Enfrentados a este mundo, muchos jóvenes con opciones profesionales quieren ser solidarios con sus colegas en lugar de subir la escalera por encima de los demás. El sentido que antes encontraban en el trabajo lo encuentran ahora en tratar de mejorar el propio espacio laboral. En Authentic, una consultora demócrata, algunos miembros del personal sindicalizado se niegan a trabajar en un contrato al servicio de la senadora Kyrsten Sinema porque no comulgan con sus valores. El personal sindicalizado del Center for American Progress, una organización que suele servir de canal de acceso a codiciados puestos en las administraciones presidenciales demócratas, amenazó con una huelga a mediados de febrero exigiendo un aumento de salarios. Algunos miembros del personal del Congreso han iniciado el proceso de formación de un sindicato.

Ahora trabajo en un sitio de noticias digital que está sindicalizado; me maravilla el hecho de tener un trabajo con un título como el de “editora general” y además todos los beneficios que conlleva la pertenencia a un sindicato. En Google, hogar de las oficinas de lujo y las comidas gratuitas, se formó un sindicato a principios de 2021, integrado por 400 ingenieros altamente remunerados. Las clases directivas profesionales —como llamaron peyorativamente los partidarios de Bernie Sanders a esa porción de la fuerza laboral de cuello blanco— están en pleno desarrollo de una conciencia de clase.

Por eso, algunas de las oficinas más prestigiosas se están organizando, y los universitarios representan una porción mayor del pastel sindical que nunca, gracias en gran medida al crecimiento de los sindicatos de profesores. Pero la afiliación a los sindicatos, en general, está en su punto más bajo. Los empleados de los almacenes de Amazon votaron en contra de la sindicalización en Alabama el año pasado. (Una junta federal de revisión determinó que Amazon había presionado indebidamente a los miembros del personal contra la formación de un sindicato, y ordenó una nueva votación, que tendrá lugar en cinco semanas). Es posible que los trabajadores de Amazon acaben votando para unirse a un sindicato. Los empleados de Starbucks también están iniciando el proceso. Pero, de alguna manera, las protecciones en el lugar de trabajo todavía parecen correr el peligro de convertirse en un artículo de lujo más que acumulan los privilegiados.

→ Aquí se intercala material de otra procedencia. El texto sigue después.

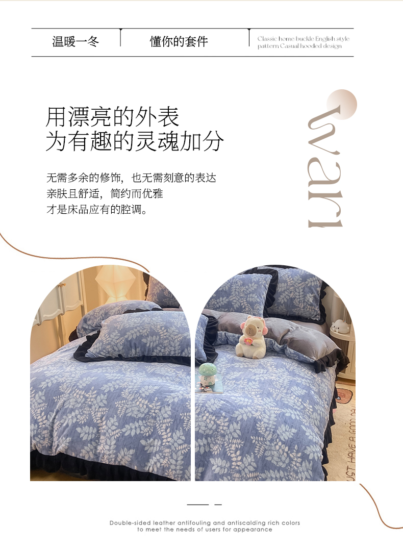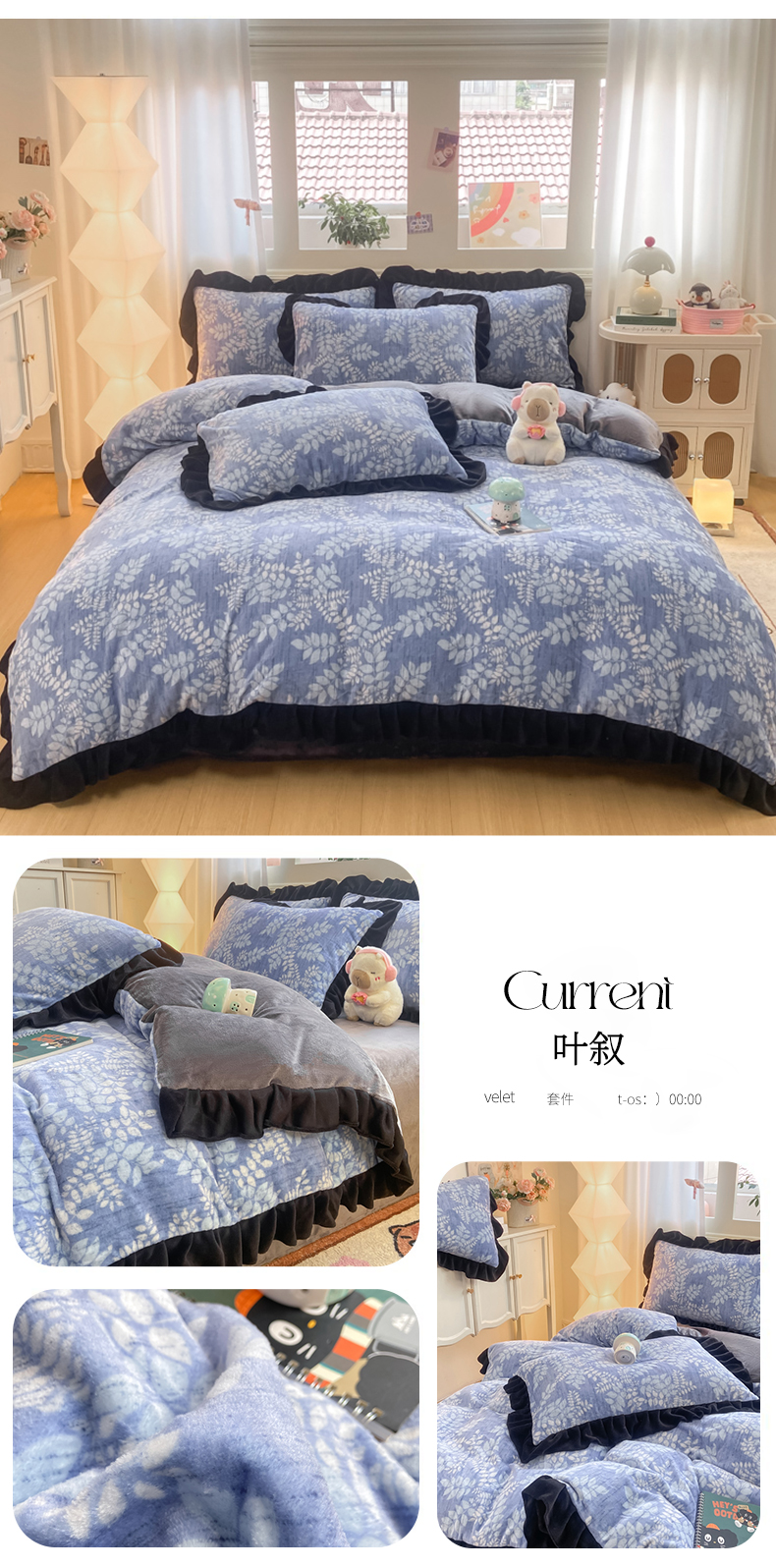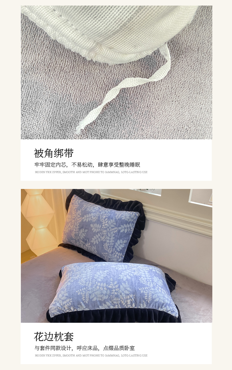 商品名称:富之航家纺 2025新款小香风赫本风ins风大牌韩版大花边轻奢牛奶绒四件套 眠语

Quizá no haya mejor ejemplo de ello que lo que pasó en Goldman Sachs el año pasado. Los banqueros juniores de San Francisco se sentían alienados por sus largas horas, lo que consideraban un salario bajo y la falta de subsidios para ordenar comida a domicilio mientras trabajaban desde casa. Hicieron una presentación formal a los altos ejecutivos de su oficina, basándose en los datos de la encuesta que recopilaron y que mostraban, por ejemplo, que tres cuartas partes de ellos se sentían víctimas de abusos en el lugar de trabajo. Fue algo así como una acción colectiva de la futura élite estadounidense.

Uno de los principales organizadores fue, como informó Bloomberg, el hijo del vicepresidente de TPG Capital, una empresa de capital privado. Su padre, criatura de la época anterior, cuando comenzó a trabajar lo hizo para Michael Milken en Drexel Burnham Lambert, el famoso banco de inversión competitivo (y corrupto).

La adquisición hostil del hijo funcionó. Los analistas de Goldman obtuvieron un aumento de casi un 30 por ciento de su salario base. La revista New York reportó que, aunque al menos cinco de los 13 analistas del grupo de protesta en San Francisco ya habían abandonado Goldman (cuatro eran mujeres de color), el banco no estaba teniendo dificultades para reclutar a estudiantes universitarios para la siguiente generación de analistas.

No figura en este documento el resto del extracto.